*INSTRUCTIONS FOR THE TASK*: Return the following data exactly, with all pictures left out.

*EXERCISE DATA*:
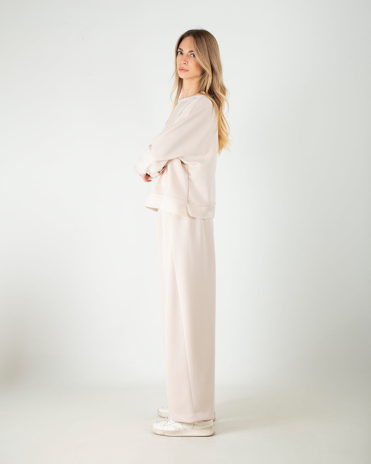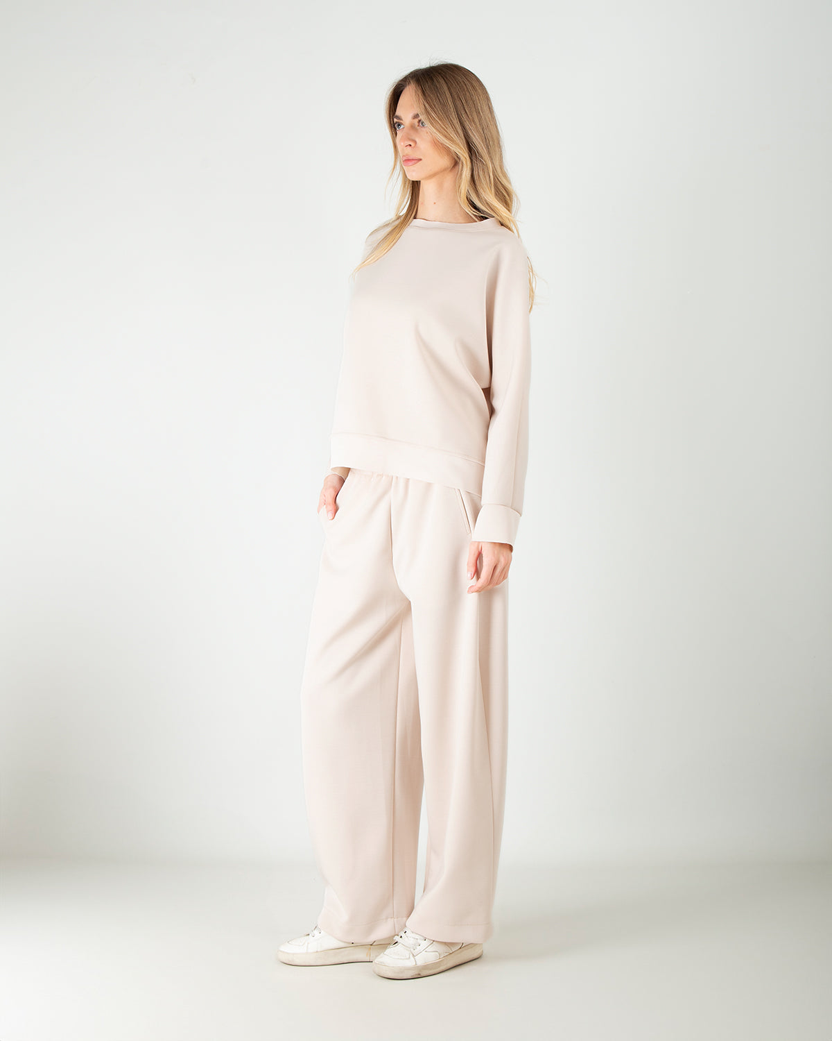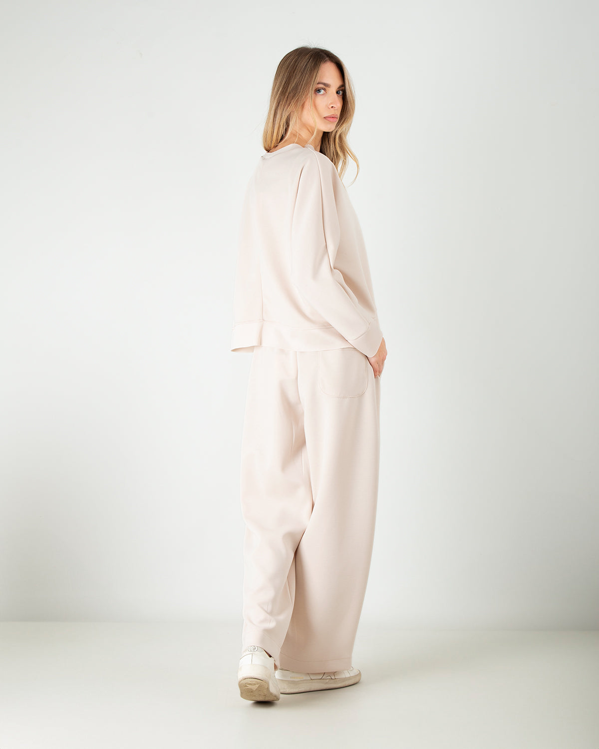 Dettagli: Tessuto scuba tecnico: struttura double-knit, liscio fuori, morbido dentro. Felpa over crop con scollo girocollo e spalle scese. Pantalone baggy con vita elasticizzata e tasche laterali a filo. Tasca posteriore discreta e funzionale. Silhouette morbida, look sporty chic.
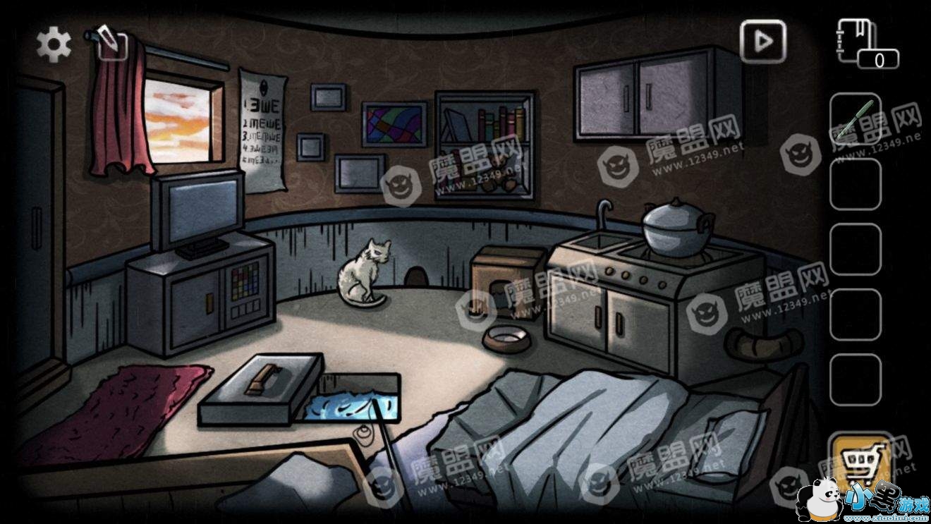 点击锅子获得煮熟的鱼,放入猫碗。露出地板上的红叉。
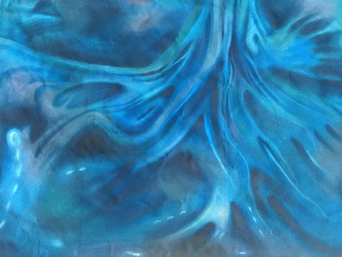 Obra al óleo, de árbol observado en una noche profunda del amazonas, en las que se vislumbran raíces y gusanos con cuerpos fluorescentes.
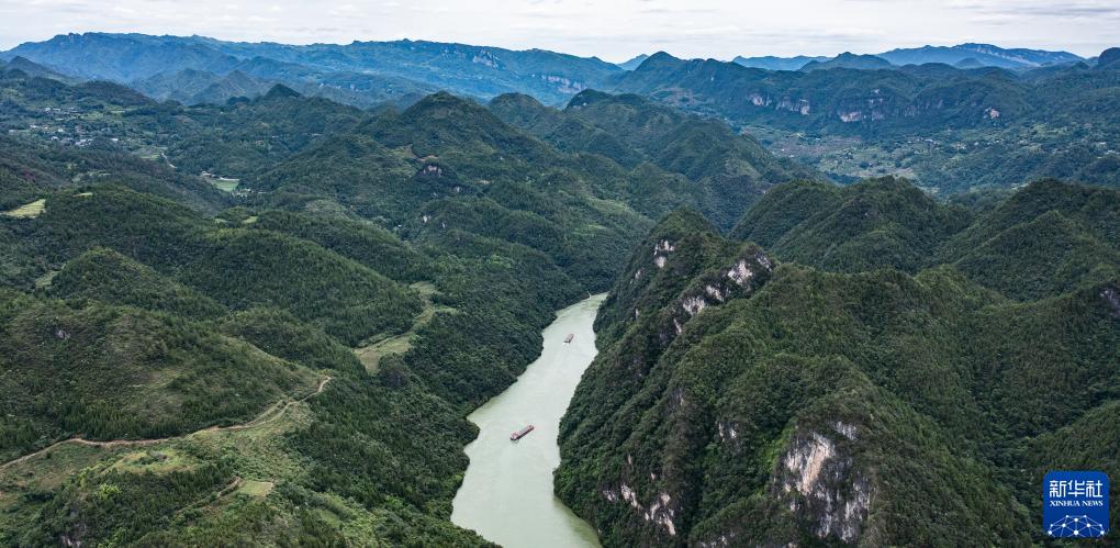 集裝箱貨輪從貴州省遵義市余慶縣沙灣碼頭駛出,前往重慶涪陵黃旗港(7月14日攝,無人機照片)。
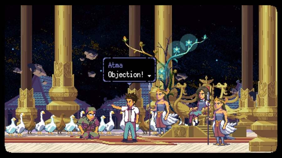 다행스럽게도 Loka 주민들의 마음에는 많은 수수께끼가 있습니다. Atma는 자신의 특별한 공책을 사용하여 머리 속으로 '우주 잠수'할 수 있습니다. 여기에는 몇 분 동안 우리를 당황하게 했던 훨씬 더 매력적인 논리 퍼즐과 몇 가지 유쾌한 미니 게임 및 창의적인 Phoenix Wright 와 같은 교차 시험 시퀀스가 포함되어 있습니다. 대화를 건너뛰기 위한 터치스크린 지원이 포함되어 있지만 우리가 말할 수 있는 움직임이나 무수한 미니 게임은 지원하지 않습니다.
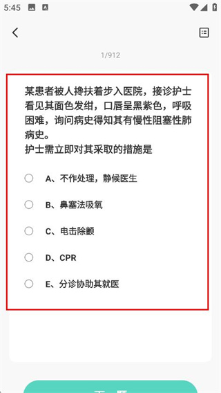 4、在題目頁面,可查看并作答護(hù)士資格相關(guān)題目。
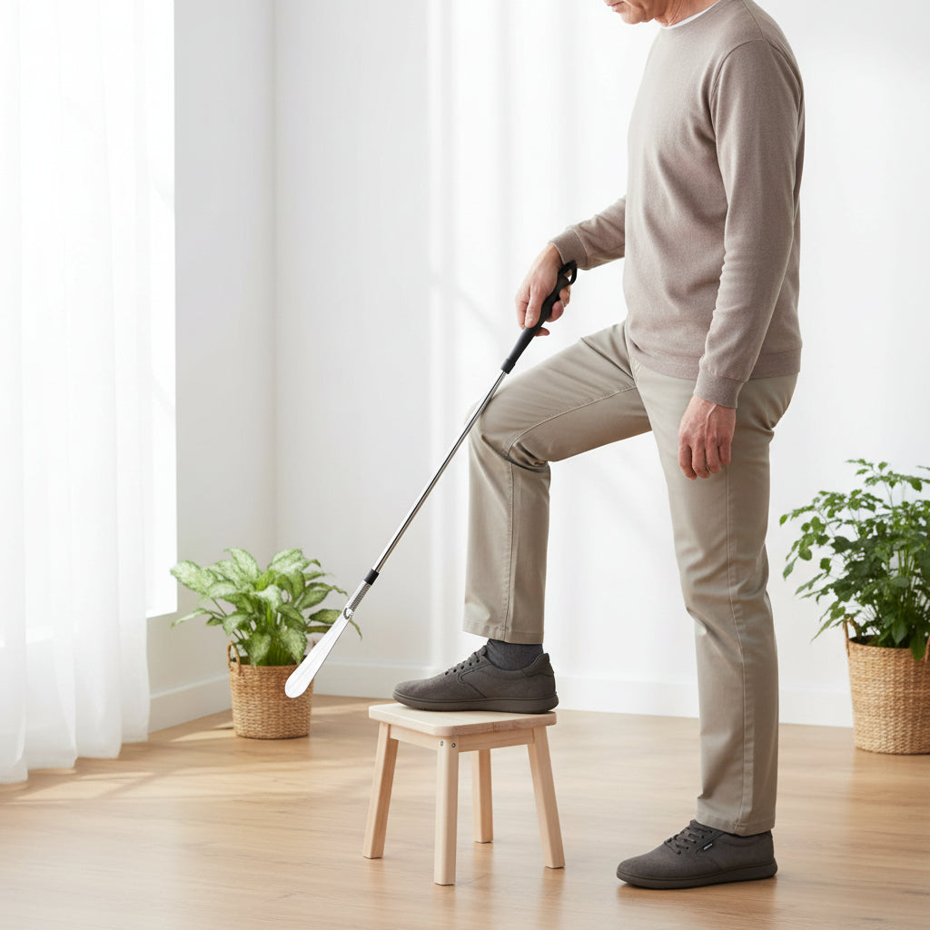 This shoe horn has extra length to help put shoes on without bending over. A flexible spring helps the foot to slip easily into the shoe.

*ANSWER TO THIS EXERCISE*:
 Dettagli: Tessuto scuba tecnico: struttura double-knit, liscio fuori, morbido dentro. Felpa over crop con scollo girocollo e spalle scese. Pantalone baggy con vita elasticizzata e tasche laterali a filo. Tasca posteriore discreta e funzionale. Silhouette morbida, look sporty chic.
 点击锅子获得煮熟的鱼,放入猫碗。露出地板上的红叉。
 Obra al óleo, de árbol observado en una noche profunda del amazonas, en las que se vislumbran raíces y gusanos con cuerpos fluorescentes.
 集裝箱貨輪從貴州省遵義市余慶縣沙灣碼頭駛出,前往重慶涪陵黃旗港(7月14日攝,無人機照片)。
 다행스럽게도 Loka 주민들의 마음에는 많은 수수께끼가 있습니다. Atma는 자신의 특별한 공책을 사용하여 머리 속으로 '우주 잠수'할 수 있습니다. 여기에는 몇 분 동안 우리를 당황하게 했던 훨씬 더 매력적인 논리 퍼즐과 몇 가지 유쾌한 미니 게임 및 창의적인 Phoenix Wright 와 같은 교차 시험 시퀀스가 포함되어 있습니다. 대화를 건너뛰기 위한 터치스크린 지원이 포함되어 있지만 우리가 말할 수 있는 움직임이나 무수한 미니 게임은 지원하지 않습니다.
 4、在題目頁面,可查看并作答護(hù)士資格相關(guān)題目。
 This shoe horn has extra length to help put shoes on without bending over. A flexible spring helps the foot to slip easily into the shoe.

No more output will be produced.